Heritability is the proportion of the variance — the spread of differences between people — that is genetic. It says nothing about why any one person has the trait value they do; it explains why people differ from each other in one population and one environment. That is why a highly heritable trait (height is ~80% heritable) can still rise with better nutrition, and why h² tells you nothing about an individual.
Why use twins instead of ordinary relatives?
Because ordinary relatives confound genes with environment: closer kin share more of both.
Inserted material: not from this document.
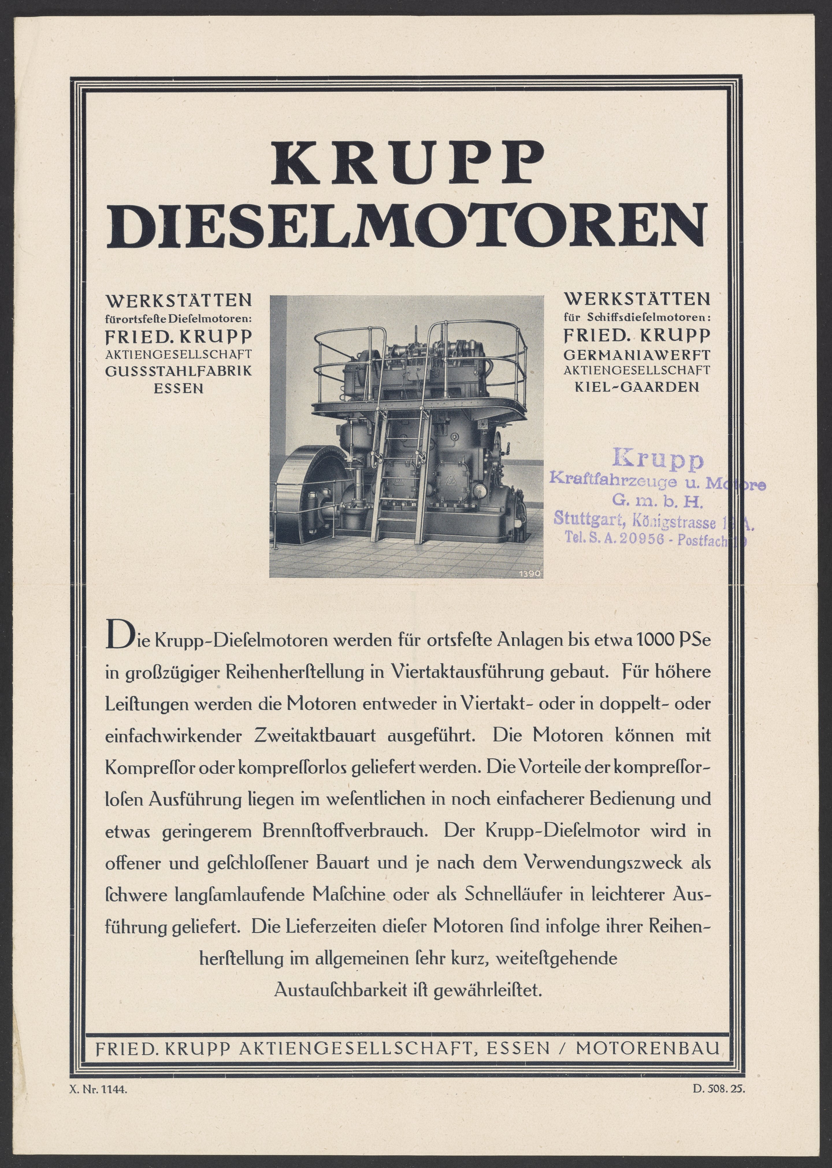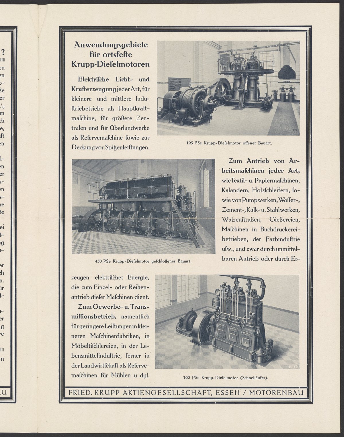 Fried. Krupp AG. “Krupp Dieselmotoren,” circa 1925. Papers of Georg and Max Bredig, Box 3, Folder 3. Science History Institute. Philadelphia. https://digital.sciencehistory.org/works/982u1pf.

Twins break the tie — MZ and DZ pairs are the same age and reared together, so both share environment to roughly the same degree, but MZ twins share ~100% of their genes and DZ twins only ~50%. Hold environment constant, vary only the genetic sharing, and any extra resemblance in MZ pairs must be genetic. That difference is exactly what Falconer’s factor of 2 exploits.
Can Falconer’s formula give an impossible answer?
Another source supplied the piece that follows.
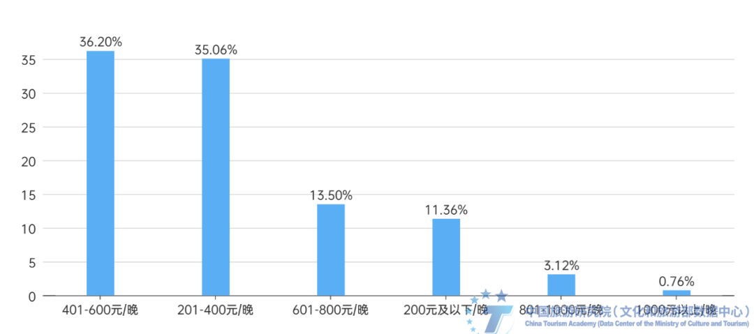 图15 受访者认为古镇旅游合适的住宿价格范围及相应受访者占比

Yes — it is unbounded. If rDZ is less than half rMZ, h² can exceed 1, which is impossible and signals non-additive genetic effects (dominance/epistasis) or MZ-specific environment. If rDZ is more than half rMZ, the leftover implies shared environment C > 0. Falconer alone cannot separate these, which is the job of the ACE model — and when ACE returns a negative C you fit an AE model instead.
What does heritability NOT mean?
Three things examiners reward you for stating. (1) It does not mean the trait is unmodifiable — a high h² is compatible with large environmental change. (2) It says nothing about differences between groups or populations — within-group variance is not a between-group cause. (3) It tells you nothing about an individual — it is a population-in-an-environment statistic, and change the environment and h² itself changes. Add ‘missing heritability’: GWAS SNPs explain far less variance than twin studies imply.
Exam move
This is the chapter to drill arithmetically. Never drop the most-lost mark: variance = SD², and estimate h² separately by sex and zygosity because the raw spread differs across groups. Memorise the one-page route: continuous trait → VP = SD² → h² = VA/VP; twins given → check rMZ > rDZ, then Falconer h² = 2(rMZ−rDZ), then the full ACE solve with the A + C + E = 1 check; binary trait → use concordances or the liability threshold and quote the assumed prevalence. Then bank the marks-rich appraisal: name the equal-environments assumption, the ‘evidence-for-not-proof-of’ line, and the three things heritability does not mean.